Communication Making Church Matter

Starting the Conversation

June 13, 2010

Today we come to the end of our current message series, which is also the final series of our 2009-2010 season.  It was a great year of learning and growth for me and hopefully for the church as well.  

Drive was the perfect kick off to the year, because it provided a clear, simple and very practical message, which was also very relevant to the season. Getting people to begin their school year headed in the right direction was a big deal.

Forecast and Advent Conspiracy were powerfully effective in moving the congregation forward to a new place in terms of giving, stewardship and service.  What we are doing in Nigeria, what we will be doing in Haiti, and our expanding efforts here in our own city were all well served and advanced by these series. Some of the projects we are currently undertaking here at church, as well as our staff expansion is made possible by the change in  thinking that happened during these series.

You was a very successful effort to get more people into ministry as we began the new year.  That the number of “First Serves” (people giving ministry a try) soared this spring surely was not unrelated.

Sfumato was probably our most creative and interesting series ever, and it provided a powerful Lenten reflection.  It was also a terrific offering for the Crowne Plaza launch. Antidotal information provided many stories of the impact of this message in the lives of individuals and families.  I felt it had a huge impact in my own life. 

Dangerous Church was, far and away, my favorite series of the year. It combined a strong Biblical message about the church as we read about it in Acts of the Apostles, as well as an important challenge to our own church community. The challenge was to get serious about how we are church in our community.  For me, there was a palpable difference in our parish after sharing this message together.

What on earth? was a very different kind of series for us, and in some ways we struggled with it.  But through this series we took a topic we haven’t ever considered before and looked at it in a completely different way. I think more than a few people walked away rethinking their own worship.
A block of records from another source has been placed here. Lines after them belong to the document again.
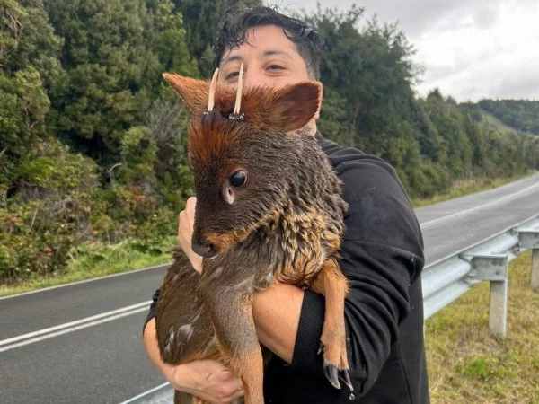 Miércoles 8 de mayo de 2024 Joven se lanza a lago en Chiloé para salvar a pudú que era atacado por perro El animal fue apodado como "Panchito" quedó con heridas y debió ser atendido por veterinarios y personal del SAG en Chiloé.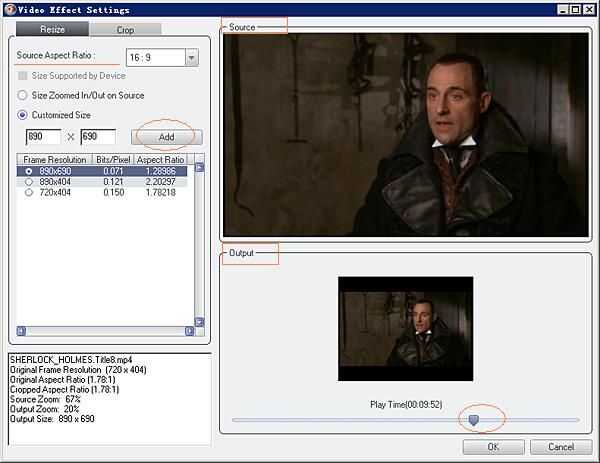 Aquí puede seleccionar el conveniente relación de aspecto, resolución marco y visualmente Verifique la salida de la escena diferente efecto por arrastra la barra deslizante en la parte inferior derecha, y los parámetros detallados de salida de la fuente de los archivos en la esquina inferior izquierda.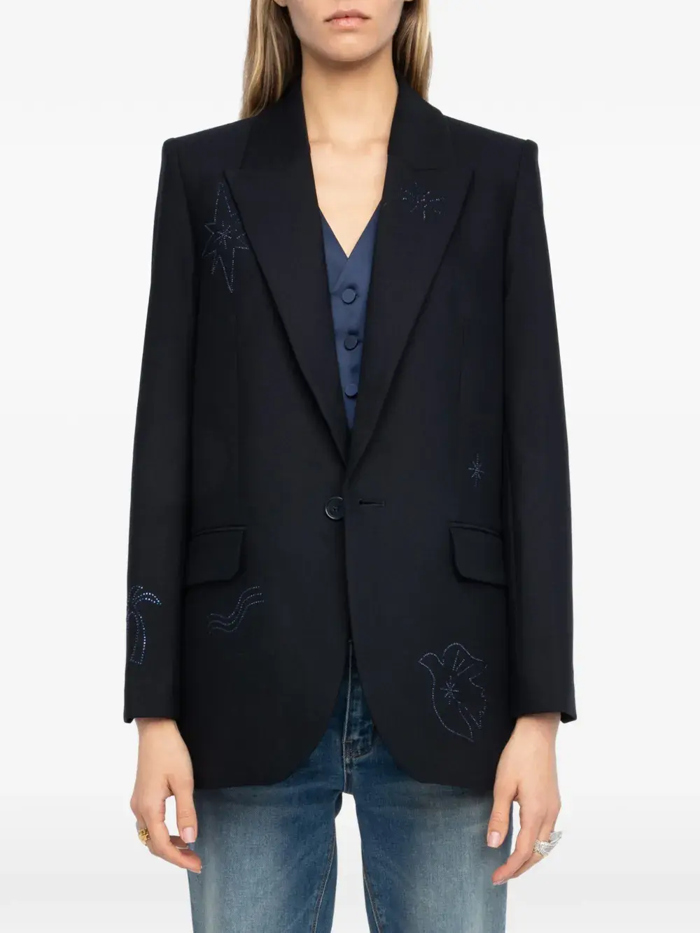 Темно-синий цвет, украшение стразами, графический мотив, лацканы с вырезом, застежка на одну пуговицу, карманы с клапанами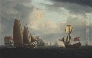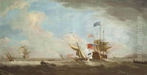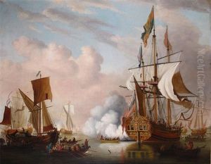 Admirality Yacht Firing A Salute, With Small Vessels Nearby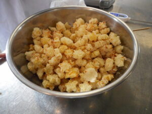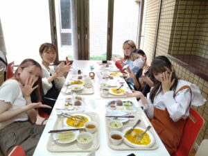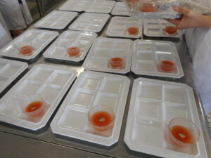 給食管理実習Ⅰの授業も終盤を迎え、7月14日は病態対応食の提供日。病態対応食は、本学の学びを活かした食物アレルギー対応食を提供しています。提供する料理は前年度の「みんないっしょのクリスマス」の料理です。先輩たちがパーティーで提供した料理を実際に調理することで、自分たちが開催するパーティーのイメージを膨らませていきます。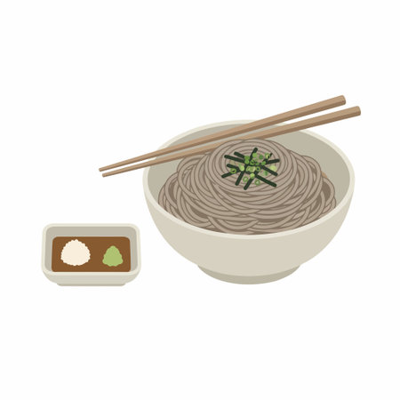 A bowl of traditional Japanese cold soba noodles, or zaru soba, served with tsuyu dipping sauce, wasabi, and chopsticks. Isolated vector illustration on a white background.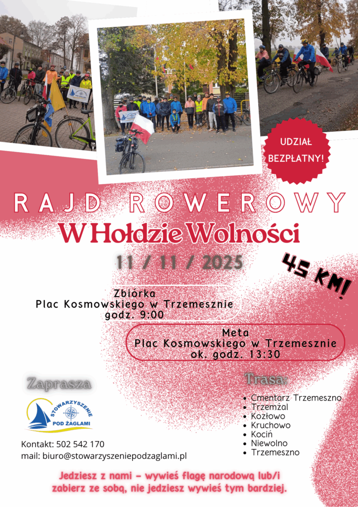 Stowarzyszenie pod Żaglami – sekcja rowerowa, w dniu 11.11.2025r. zaprasza miłośników turystyki rowerowej na rajd z okazji Święta Niepodległości.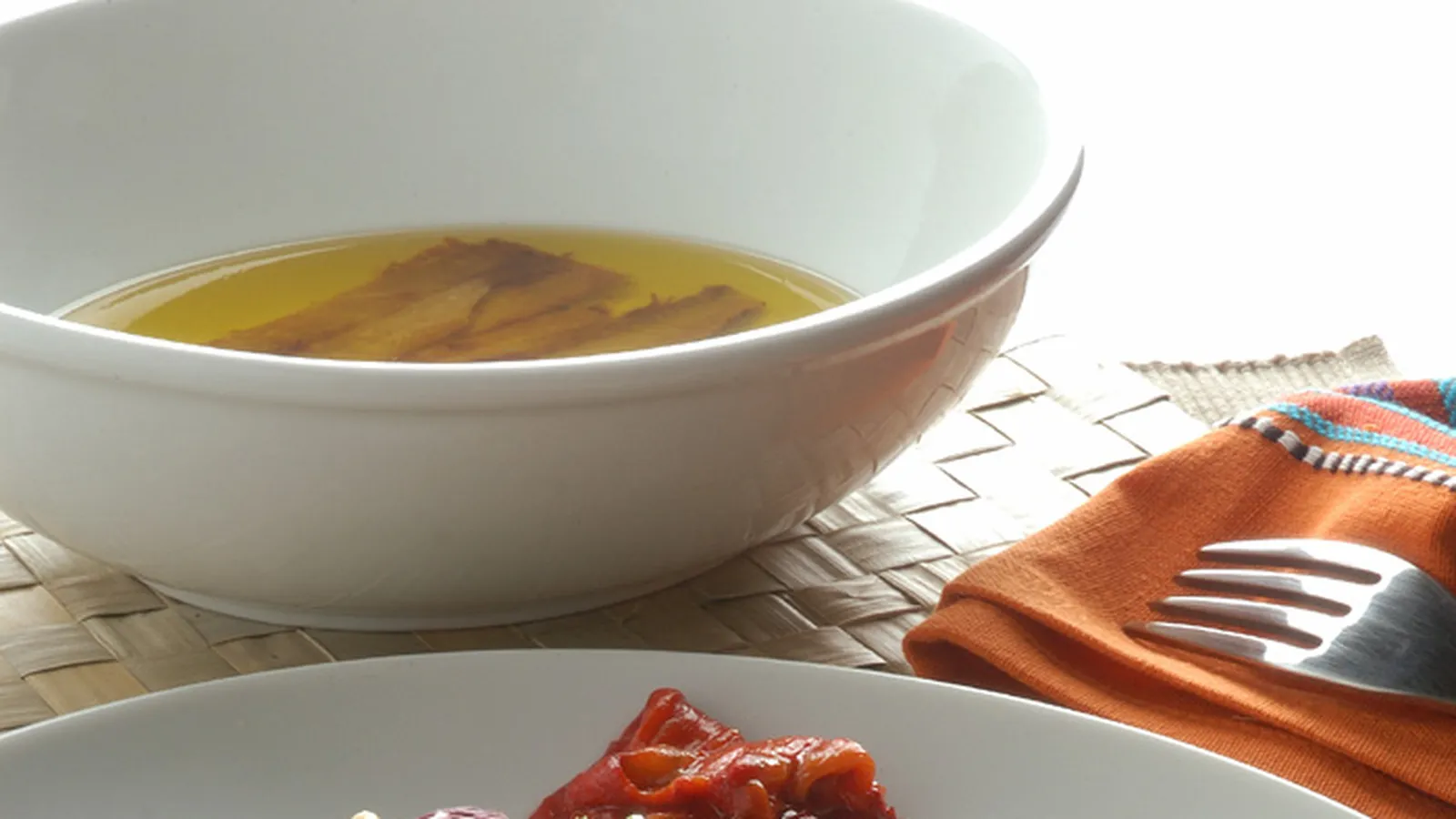 Pon los pimientos en una fuente apta para el horno. Riégalos con un poco de aceite y sazónalos. Introduce en el honro a 180ºC durante 25-30 minutos. Deja templar, pélalos y córtalos en tiras. Pica el diente de ajo finamente y añádelo a los pimientos.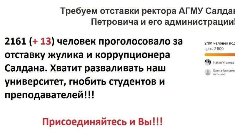 Petition updateТребуем отставки ректора АГМУ Салдана Игоря Петровича и проверки деятельности АГМУ !!!2161 человек высказались за отставку ректора Салдана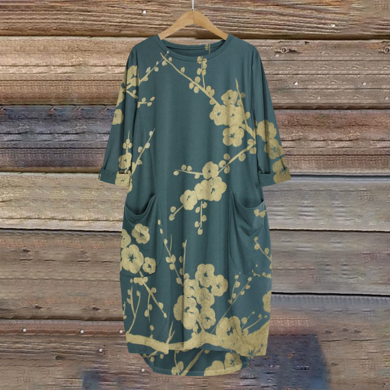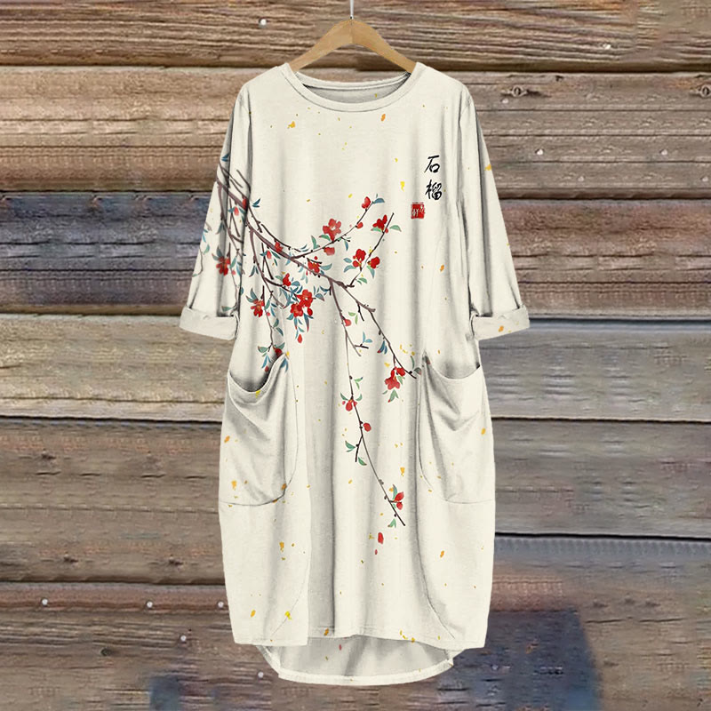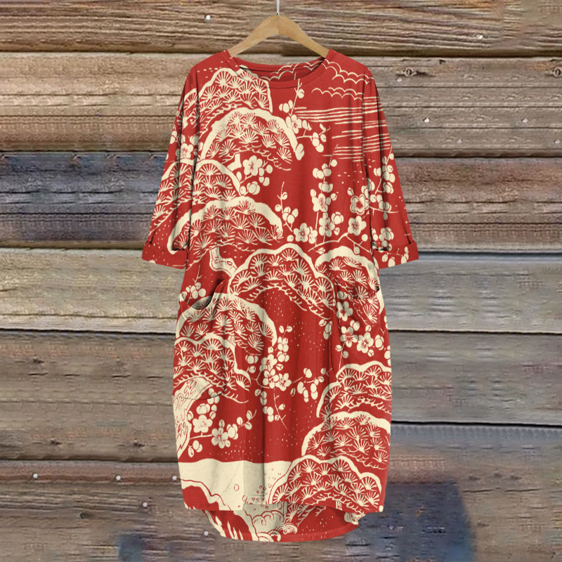 Dashingsoul Women's Japanese Art Plum Blossom Print Crew Neck Casual Dress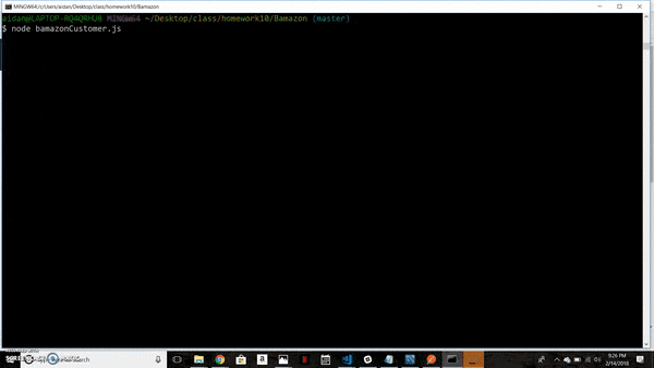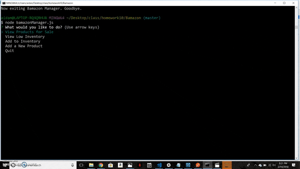 Bamazon is an Amazon-like storefront utilizing MySQL database to view products and manage inventory.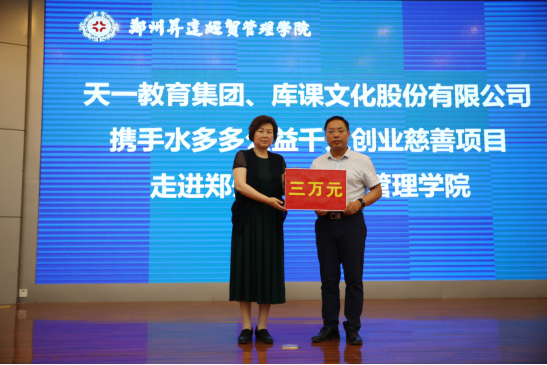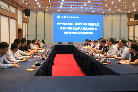 2019年5月23日,天一教育集团、河南库课文化股份有限公司携手水多多公益千人创业慈善项目走进华亿体育登录,活动于当日上午9:30在升达学院行政大楼国际会议厅隆重举行。出席本次活动的主要嘉宾有郑州慈善总会副会长王合生,郑州慈善总会副秘书长桑喧越,天一教育集团、河南库课文化传播有限公司董事长董国良,水多多创始人黄天一,郑州市大学生创业就业慈善基金负责人樊延峰。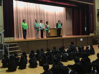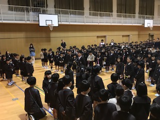 対面式です!1年生から6年生まで勢ぞろいしました。みんな仲良く学校生活を送りましょう!見守り隊の皆さんもありがとうございました。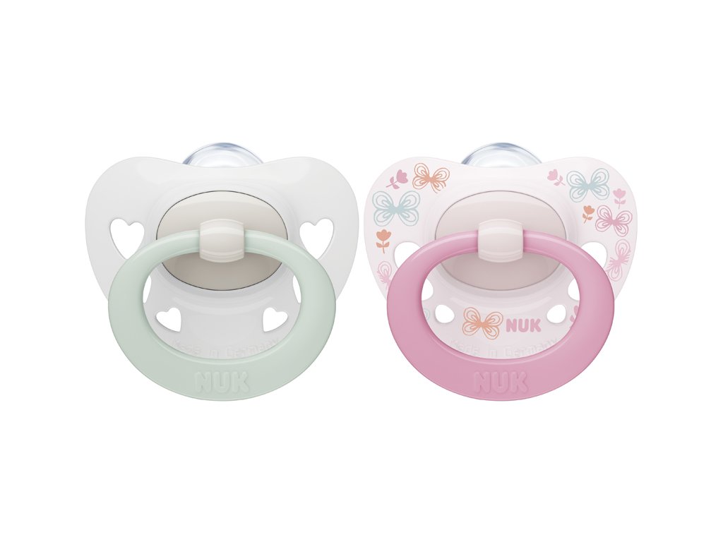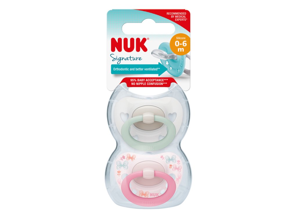 Silikónový cumlík Signature značky NUK je určený pre deti od narodenia do 6 mesiacov. Špeciálny tvar s ortodontickým cumlíkom Classic prispievajú k správnemu vývoju čeľuste. Cumlíky NUK rada Signature reaguje na potrebu prirodzenosti svojím úplne prirodzeným tvarom.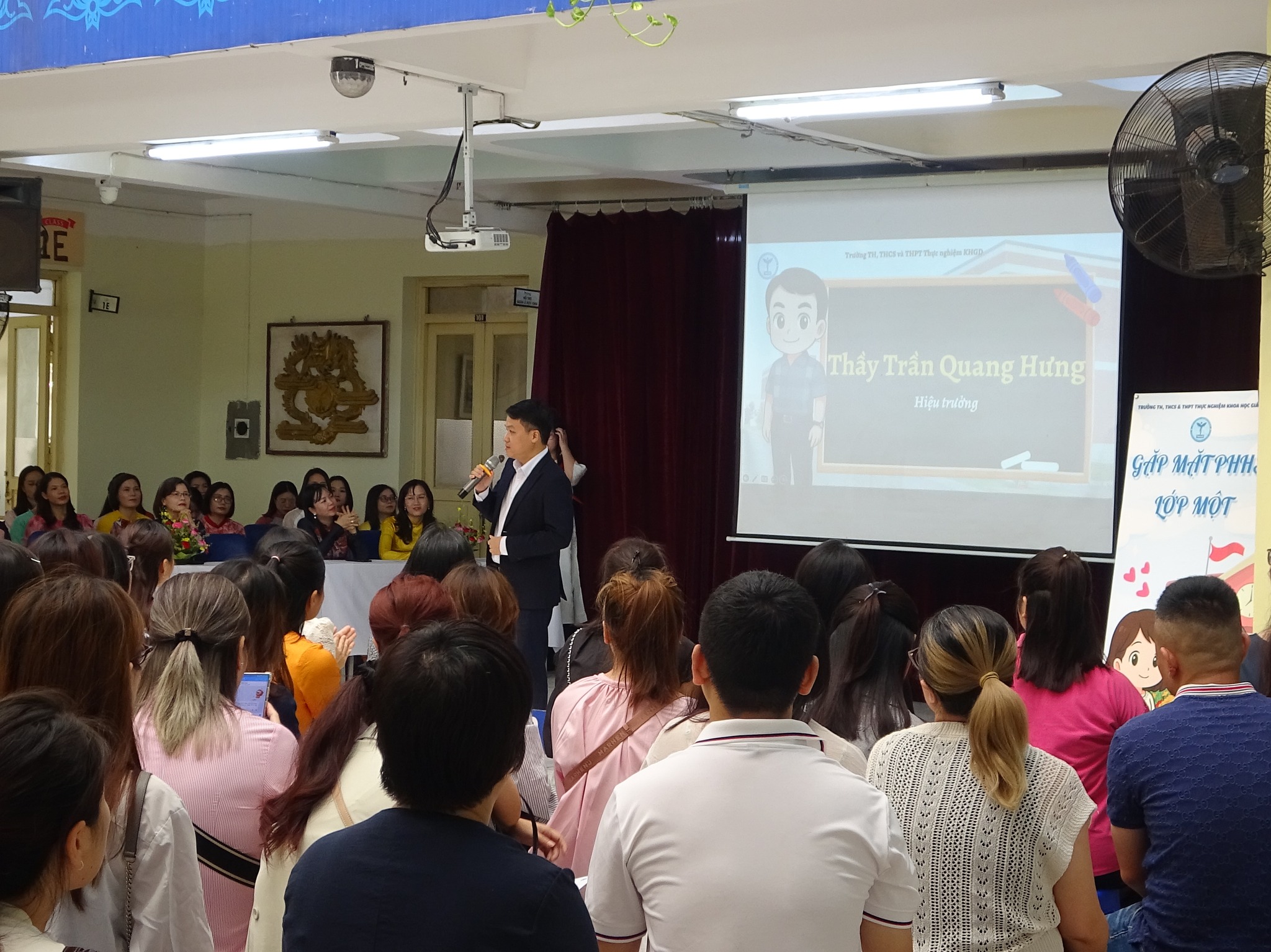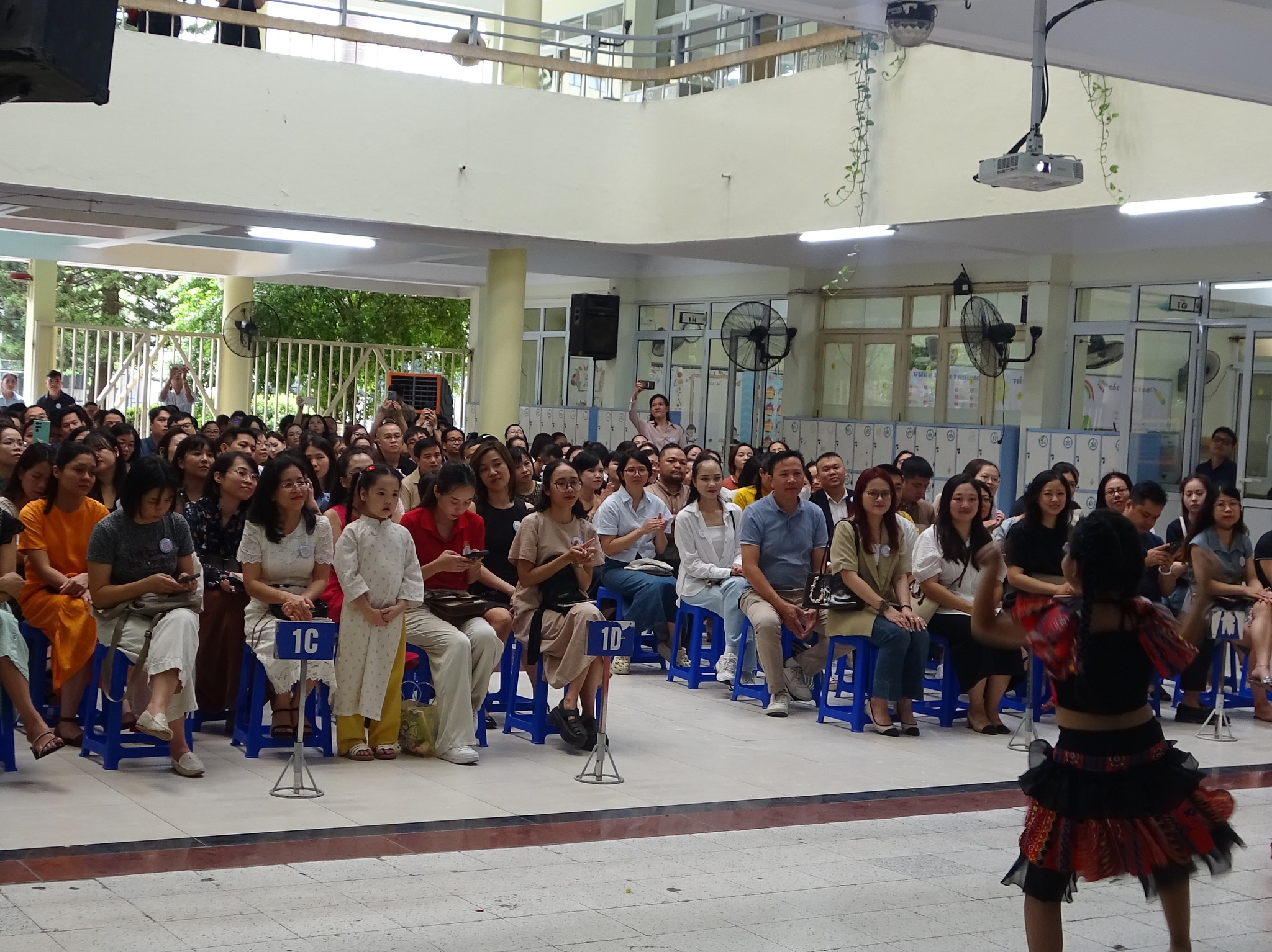 Ở khối 1, phụ huynh được chào đón tại sảnh tầng 1 Tiểu học, các huy hiệu lớp được trao cho phụ huynh như lời chào trang trọng từ nhà trường. Những chia sẻ từ Ban Giám hiệu, sự tận tâm của các thầy cô chủ nhiệm cùng phần giải đáp từng thắc mắc đã mang lại sự thấu hiểu sâu sắc. Khoảnh khắc các em lớp 2, lớp 3 cất tiếng hát, những điệu múa như tiếp thêm niềm tin cho những “tân binh” lớp 1 trong hành trình bắt đầu.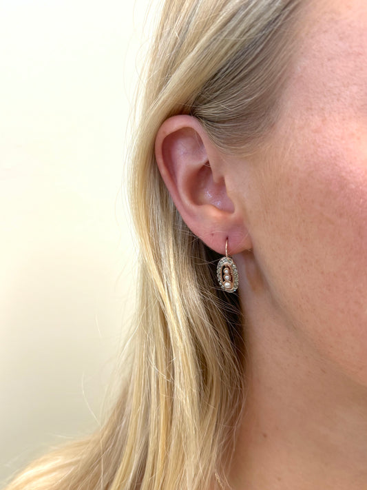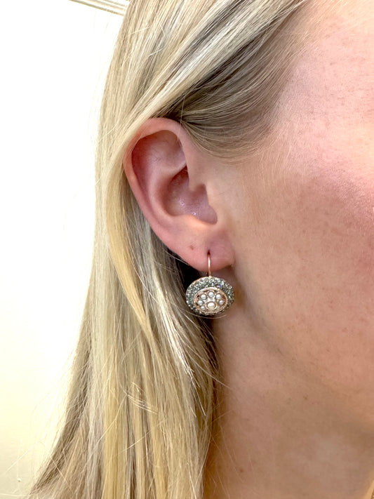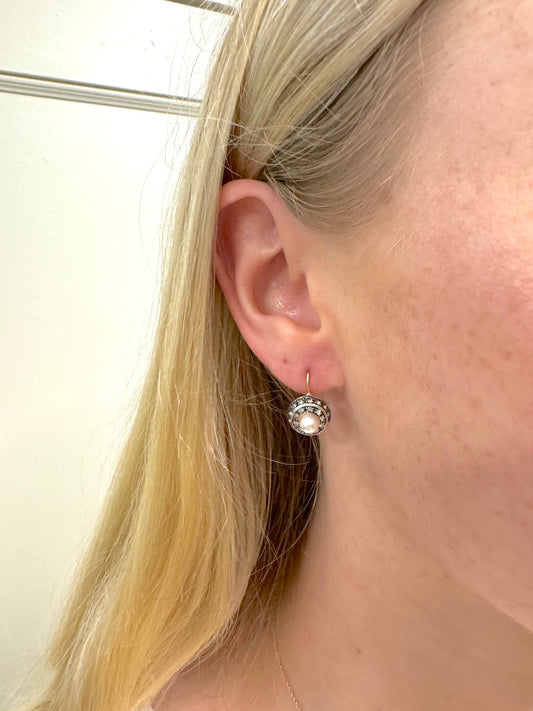 Italian Round Earrings With Small Crystals And Large Pearl Centre

What is the point of all these messages, and of preaching in general?  What is the point of pouring into them the effort and the time they take each week?  What is the point of prioritizing message preparation and presentation above most every other thing on my schedule?  What is the point of preaching over and over again to largely the same people who already know the basics of the Christian message?  

Well, there is no point if nothing ever changes, if no one ever changes, if the congregation is always the same after as before, there is no point.  At best it becomes entertainment, at worst, a weekly confirmation of the lie that just because we show up we’ve got it all together.  And in between those two extremes, there is just a lot of preaching going on that doesn’t really have any point.  How many sermons have you heard that you couldn’t repeat a single thing that was said? Nothing happens, no one changes.  There is no point. That’s why the greatest value in preaching becomes brevity.

Jesus preached for life change, and that’s what he asks his church to do too.  Life change is the point.

We should be preaching life change.  Sure, we need to do it in ways people can hear, yes we need to do it in ways that will engage and perhaps even entertain them.  But our message has got to be a challenging message of change or its not the Gospel. 

The weekly message ( what Catholics call the “homily” and Protestants call the “sermon” ) is sort of where the conversation about life change starts.  If I am effective in my weekend message I have started a conversation.  The biggest compliments for me aren’t the people who say “nice job.”  The biggest compliment I get is when someone tells me they were talking about the message in the car on the way home from church, or that it came up at dinner later in the week, or that it got them thinking, it got them angry, it got them reading their Bible, it got a rip roaring discussion going in their Small Group.  I started a conversation. Hopefully, that conversation eventually expands to include God.

Spiritual growth happens relationally and that is going to mean conversationally. This is what we read about in today’s Gospel reading from the 7th chapter of Luke.  Jesus strikes up two conversations: one with the “sinful” woman and another with Simon the Pharisee.  We don’t know what happened to Simon but the woman in the story definitely experiences a changed life. 

Each weekend, when we get to the message, its not meant in any sense to be the last word, its meant to start the conversation. And hopefully that conversation leads you into conversation with God, and the life change (big or small) he has in mind for you this week.